(Data extracted from a collection)
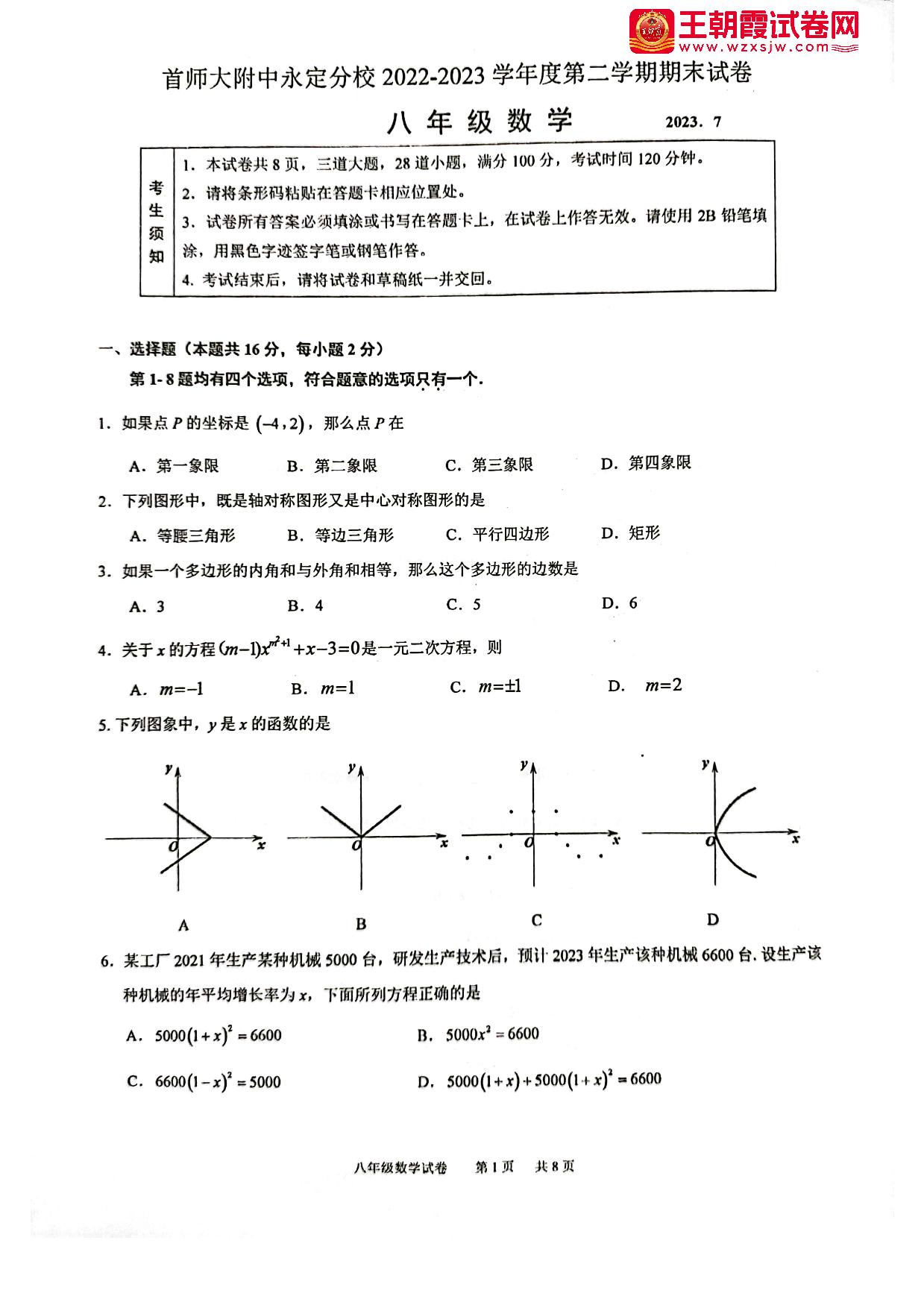 北京市首师大附中永定分校2022-2023学年下学期期末试卷八年级数学(人教版)
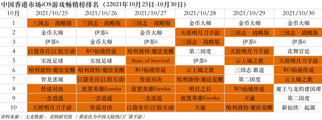 此外,包括阿里游戏《三国志·战略版》、厦门极致网络《放置英雄Eureka》、网易游戏《Sky光·遇》《哈利波特》、腾讯游戏《天涯明月刀手游》《传说对决》、三七互娱《斗罗大陆:魂师对决》、字节跳动《RO仙境传说:新世代的诞生》、江娱互动《口袋奇兵》等期内闯进香港App Store游戏畅销榜Top5内。
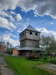Бабинець, вівтар і ризниця вкриті двосхилими дахами, нава – чотирисхилим. Гребені основних об’ємів церкви (крім ризниці) вінчають на восьмибічних основах високі ліхтарі зі шпилями. Подібне завершення є на гребені даху ризниці, правда всередині там помістили маленький дзвін. На захід від церкви збереглася дерев’яна триярусна дзвіниця з підбиттям в третьому ярусі, вкрита пірамідальним дахом.
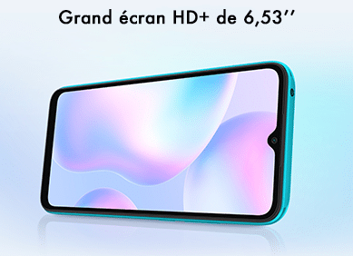 Redmi a fait le choix d’équiper son Redmi 9A d’un écran HD+ de 6.53’’ LCD IPS. Cet écran utilise la technologie IPS, qui propose des blancs plus lumineux, des couleurs plus vives et de meilleurs angles de vision que les écrans TFT. Le point négatif est malheureusement la consommation d’énergie du rétroéclairage qui est élevée. Il prend en charge la protection des yeux et a passé la certification TÜV Rheinland low blue light ! Affichage plein écran, une goutte dissimule cependant la caméra en face avant de 5 MP. Cette caméra permet de déverrouiller votre smartphone par reconnaissance faciale puisque ce téléphone est dépourvu de capteur d’empreinte.
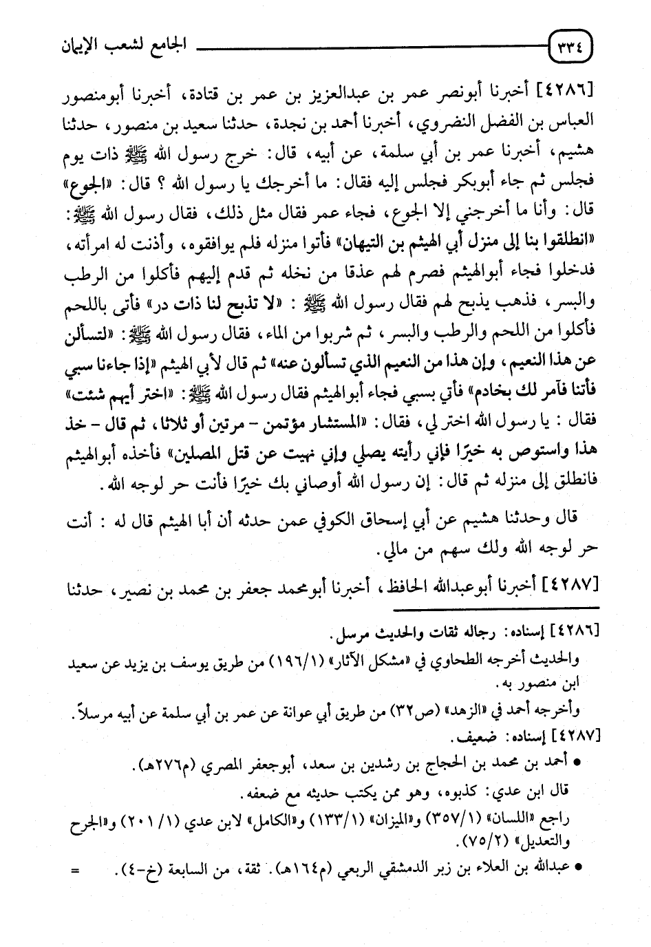 4286 - أَخْبَرَنَا أَبُو نَصْرٍ عُمَرُ بْنُ عَبْدِ الْعَزِيزِ بْنِ عُمَرَ بْنِ قَتَادَةَ، أَخْبَرَنَا أَبُو مَنْصُورٍ الْعَبَّاسُ بْنُ الْفَضْلِ النضْرَوِيُّ، أَخْبَرَنَا أَحْمَدُ بْنُ نَجْدَةَ، حَدَّثَنَا سَعِيدُ بْنُ مَنْصُورٍ، حَدَّثَنَا هُشَيْمٌ، أَخْبَرَنَا عُمَرُ بْنُ أَبِي سَلَمَةَ، عَنْ أَبِيهِ، قَالَ: خَرَجَ رَسُولُ اللهِ صَلَّى اللَّهُ عَلَيْهِ وَسَلَّمَ ذَاتَ يَوْمٍ فَجَلَسَ، ثُمَّ جَاءَ أَبُو بَكْرٍ فَجَلَسَ إِلَيْهِ فَقَالَ: مَا أَخْرَجَكَ يَا رَسُولَ اللهِ؟ قَالَ: " الْجُوعُ ". قَالَ: وَأَنَا مَا أَخْرَجَنِي إِلَّا الْجُوعُ، فَجَاءَ عُمَرُ، فَقَالَ مِثْلَ ذَلِكَ، فَقَالَ رَسُولُ اللهِ صَلَّى اللَّهُ عَلَيْهِ وَسَلَّمَ: " انْطَلِقُوا بِنَا إِلَى مَنْزِلِ أَبِي الْهَيْثَمِ بْنِ التَّيِّهَانِ " فَأَتَوْا مَنْزِلَهُ فَلَمْ يُوَافِقُوهُ، وَأَذِنَتْ لَهُ امْرَأَتُهُ فَدَخَلُوا فَجَاءَ أَبُو الْهَيْثَمِ فَصَرَمَ لَهُمْ عَذْقًا مِنْ نَخْلَةٍ، ثُمَّ قَدَّمَ إِلَيْهِمْ فَأَكَلُوا مِنَ الرُّطَبِ وَالْبُسْرِ، فَذَهَبَ يَذْبَحُ لَهُمْ، فَقَالَ رَسُولُ اللهِ صَلَّى اللَّهُ عَلَيْهِ وَسَلَّمَ: " لَا تَذْبَحْ لَنَا ذَاتَ دَرٍّ " فَأَتَى بِاللَّحْمِ فَأَكَلُوا مِنَ اللَّحْمِ وَالرُّطَبِ وَالْبُسْرِ، ثُمَّ شَرِبُوا مِنَ الْمَاءِ، فَقَالَ رَسُولُ اللهِ صَلَّى اللَّهُ عَلَيْهِ وَسَلَّمَ: " §لَتُسْأَلُنَّ عَنْ هَذَا النَّعِيمِ، وَإِنَّ هَذَا مِنَ النَّعِيمِ الَّذِي تُسْأَلُونَ عَنْهُ " ثُمَّ قَالَ لِأَبِي الْهَيْثَمِ: " إِذَا جَاءَنَا سَبْيٌ فَأْتِنَا فَآمُرُ لَكَ بِخَادِمٍ "، فَأُتِيَ بِسَبْيٍ فَجَاءَ أَبُو الْهَيْثَمِ، فَقَالَ رَسُولُ اللهِ صَلَّى اللَّهُ عَلَيْهِ وَسَلَّمَ: " اخْتَرْ أَيَّهُمْ شِئْتَ " فَقَالَ: يَا رَسُولَ اللهِ اخْتَرْ لِي. فَقَالَ: " الْمُسْتَشَارُ مُؤْتَمَنٌ " مَرَّتَيْنِ - أَوْ ثَلَاثًا -، ثُمَّ قَالَ: " خُذْ هَذَا، وَاسْتَوْصِ بِهِ خَيْرًا، فَإِنِّي رَأَيْتُهُ يُصَلَّى، وَإِنِّي نُهِيتُ عَنْ قَتْلِ الْمُصَلِّينَ، فَأَخَذَهُ أَبُو الْهَيْثَمِ فَانْطَلَقَ إِلَى مَنْزِلِهِ، ثُمَّ قَالَ: إِنَّ رَسُولَ اللهِ أَوْصَانِي بِكَ خَيْرًا فَأَنْتَ حُرٌّ لِوَجْهِ اللهِ. قَالَ: وحدثنا هشيم، عَنْ أَبِي إِسْحَاقَ الْكُوفِيِّ، عَمَّنْ حَدَّثَهُ، أَنَّ أَبَا الْهَيْثَمِ قَالَ لَهُ: أَنْتَ حَرٌّ لِوَجْهِ اللهِ وَلَكَ سَهْمٌ مِنْ مَالِي
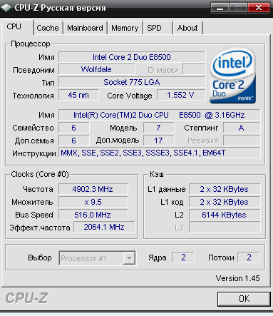 Результат разгона Intel Core 2 Duo (Wolfdale)

Task details
A word-for-word copy of the records above is needed, pictures excluded.

Problem solution
 北京市首师大附中永定分校2022-2023学年下学期期末试卷八年级数学(人教版)
 此外,包括阿里游戏《三国志·战略版》、厦门极致网络《放置英雄Eureka》、网易游戏《Sky光·遇》《哈利波特》、腾讯游戏《天涯明月刀手游》《传说对决》、三七互娱《斗罗大陆:魂师对决》、字节跳动《RO仙境传说:新世代的诞生》、江娱互动《口袋奇兵》等期内闯进香港App Store游戏畅销榜Top5内。
Бабинець, вівтар і ризниця вкриті двосхилими дахами, нава – чотирисхилим. Гребені основних об’ємів церкви (крім ризниці) вінчають на восьмибічних основах високі ліхтарі зі шпилями. Подібне завершення є на гребені даху ризниці, правда всередині там помістили маленький дзвін. На захід від церкви збереглася дерев’яна триярусна дзвіниця з підбиттям в третьому ярусі, вкрита пірамідальним дахом.
 Redmi a fait le choix d’équiper son Redmi 9A d’un écran HD+ de 6.53’’ LCD IPS. Cet écran utilise la technologie IPS, qui propose des blancs plus lumineux, des couleurs plus vives et de meilleurs angles de vision que les écrans TFT. Le point négatif est malheureusement la consommation d’énergie du rétroéclairage qui est élevée. Il prend en charge la protection des yeux et a passé la certification TÜV Rheinland low blue light ! Affichage plein écran, une goutte dissimule cependant la caméra en face avant de 5 MP. Cette caméra permet de déverrouiller votre smartphone par reconnaissance faciale puisque ce téléphone est dépourvu de capteur d’empreinte.
 4286 - أَخْبَرَنَا أَبُو نَصْرٍ عُمَرُ بْنُ عَبْدِ الْعَزِيزِ بْنِ عُمَرَ بْنِ قَتَادَةَ، أَخْبَرَنَا أَبُو مَنْصُورٍ الْعَبَّاسُ بْنُ الْفَضْلِ النضْرَوِيُّ، أَخْبَرَنَا أَحْمَدُ بْنُ نَجْدَةَ، حَدَّثَنَا سَعِيدُ بْنُ مَنْصُورٍ، حَدَّثَنَا هُشَيْمٌ، أَخْبَرَنَا عُمَرُ بْنُ أَبِي سَلَمَةَ، عَنْ أَبِيهِ، قَالَ: خَرَجَ رَسُولُ اللهِ صَلَّى اللَّهُ عَلَيْهِ وَسَلَّمَ ذَاتَ يَوْمٍ فَجَلَسَ، ثُمَّ جَاءَ أَبُو بَكْرٍ فَجَلَسَ إِلَيْهِ فَقَالَ: مَا أَخْرَجَكَ يَا رَسُولَ اللهِ؟ قَالَ: " الْجُوعُ ". قَالَ: وَأَنَا مَا أَخْرَجَنِي إِلَّا الْجُوعُ، فَجَاءَ عُمَرُ، فَقَالَ مِثْلَ ذَلِكَ، فَقَالَ رَسُولُ اللهِ صَلَّى اللَّهُ عَلَيْهِ وَسَلَّمَ: " انْطَلِقُوا بِنَا إِلَى مَنْزِلِ أَبِي الْهَيْثَمِ بْنِ التَّيِّهَانِ " فَأَتَوْا مَنْزِلَهُ فَلَمْ يُوَافِقُوهُ، وَأَذِنَتْ لَهُ امْرَأَتُهُ فَدَخَلُوا فَجَاءَ أَبُو الْهَيْثَمِ فَصَرَمَ لَهُمْ عَذْقًا مِنْ نَخْلَةٍ، ثُمَّ قَدَّمَ إِلَيْهِمْ فَأَكَلُوا مِنَ الرُّطَبِ وَالْبُسْرِ، فَذَهَبَ يَذْبَحُ لَهُمْ، فَقَالَ رَسُولُ اللهِ صَلَّى اللَّهُ عَلَيْهِ وَسَلَّمَ: " لَا تَذْبَحْ لَنَا ذَاتَ دَرٍّ " فَأَتَى بِاللَّحْمِ فَأَكَلُوا مِنَ اللَّحْمِ وَالرُّطَبِ وَالْبُسْرِ، ثُمَّ شَرِبُوا مِنَ الْمَاءِ، فَقَالَ رَسُولُ اللهِ صَلَّى اللَّهُ عَلَيْهِ وَسَلَّمَ: " §لَتُسْأَلُنَّ عَنْ هَذَا النَّعِيمِ، وَإِنَّ هَذَا مِنَ النَّعِيمِ الَّذِي تُسْأَلُونَ عَنْهُ " ثُمَّ قَالَ لِأَبِي الْهَيْثَمِ: " إِذَا جَاءَنَا سَبْيٌ فَأْتِنَا فَآمُرُ لَكَ بِخَادِمٍ "، فَأُتِيَ بِسَبْيٍ فَجَاءَ أَبُو الْهَيْثَمِ، فَقَالَ رَسُولُ اللهِ صَلَّى اللَّهُ عَلَيْهِ وَسَلَّمَ: " اخْتَرْ أَيَّهُمْ شِئْتَ " فَقَالَ: يَا رَسُولَ اللهِ اخْتَرْ لِي. فَقَالَ: " الْمُسْتَشَارُ مُؤْتَمَنٌ " مَرَّتَيْنِ - أَوْ ثَلَاثًا -، ثُمَّ قَالَ: " خُذْ هَذَا، وَاسْتَوْصِ بِهِ خَيْرًا، فَإِنِّي رَأَيْتُهُ يُصَلَّى، وَإِنِّي نُهِيتُ عَنْ قَتْلِ الْمُصَلِّينَ، فَأَخَذَهُ أَبُو الْهَيْثَمِ فَانْطَلَقَ إِلَى مَنْزِلِهِ، ثُمَّ قَالَ: إِنَّ رَسُولَ اللهِ أَوْصَانِي بِكَ خَيْرًا فَأَنْتَ حُرٌّ لِوَجْهِ اللهِ. قَالَ: وحدثنا هشيم، عَنْ أَبِي إِسْحَاقَ الْكُوفِيِّ، عَمَّنْ حَدَّثَهُ، أَنَّ أَبَا الْهَيْثَمِ قَالَ لَهُ: أَنْتَ حَرٌّ لِوَجْهِ اللهِ وَلَكَ سَهْمٌ مِنْ مَالِي
 Результат разгона Intel Core 2 Duo (Wolfdale)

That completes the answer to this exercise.